As used herein, “dewatering” means removal of water from the bio-degradable waste flow by any conventional method or combination of methods, such as a combination of chemical and mechanical processes. In this embodiment, the pre-treatment devices and bio-degradable waste flow are as previously defined. Thus, in one aspect of this embodiment, the pre-treatment device further includes at least one secondary nozzle intermediate the inlet and the outlet ends of the passage. The at least one secondary nozzle may be located at any convenient location along the device, so long as it is adapted to provide one or more transport materials into the passage. Preferably, the at least one secondary nozzle is located upstream and/or downstream of the transport fluid nozzle.

As noted previously, the transport material is the same or different from the transport fluid.

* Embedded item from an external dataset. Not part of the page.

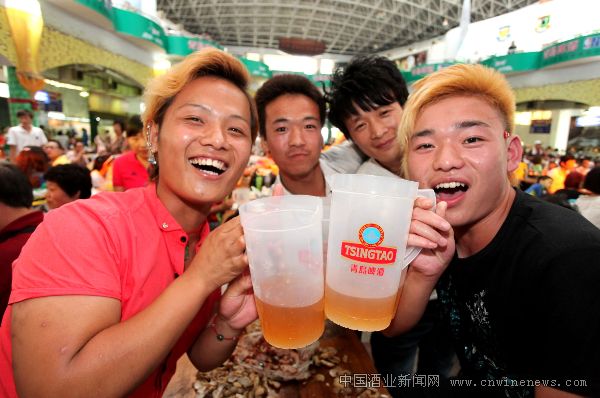 据统计,今年啤酒节开节至今,近300万游客豪饮啤酒600余万吨,而青岛独占半壁江山。每天,下班时间一到,青啤宫内觥筹交错,歌舞不断,十分热闹。不同肤色不是问题,语言不通也不要紧,只要手擎大杯青啤,那就是四海兄弟。

And, the transport material may take any form as previously disclosed such as a liquid or powder. Non-limiting, representative examples of transport material suitable for use in this embodiment include a chemical, an enzyme, a microbial culture, and combinations thereof.

In a preferred aspect of this embodiment, the secondary nozzle provides ionic polymers to the bio-degradable waste flow as it passes through the passage in an amount effective to thicken and flocculate the bio-degradable waste flow. The ionic polymers useful in this embodiment are as previously disclosed and may be added to the bio-degradable waste flow before or after step (a) in an amount effective to thicken and flocculate the bio-degradable waste flow.

In this embodiment, the resulting dewatered waste flow may be optionally compacted into any convenient form for ease of transport and/or to suit a particular end use, such as, e.g., use as a solid fuel source for a solid fuel power station. Thus, in a preferred aspect of this embodiment, the compacting step comprises pelletizing the material resulting from step (b) in a form appropriate for use in a solid fuel power station.

Using the method of this embodiment, the end product is suitable for use, e.g., as landfill, fertilizer, soil conditioner, or as a solid fuel source for a solid fuel power station.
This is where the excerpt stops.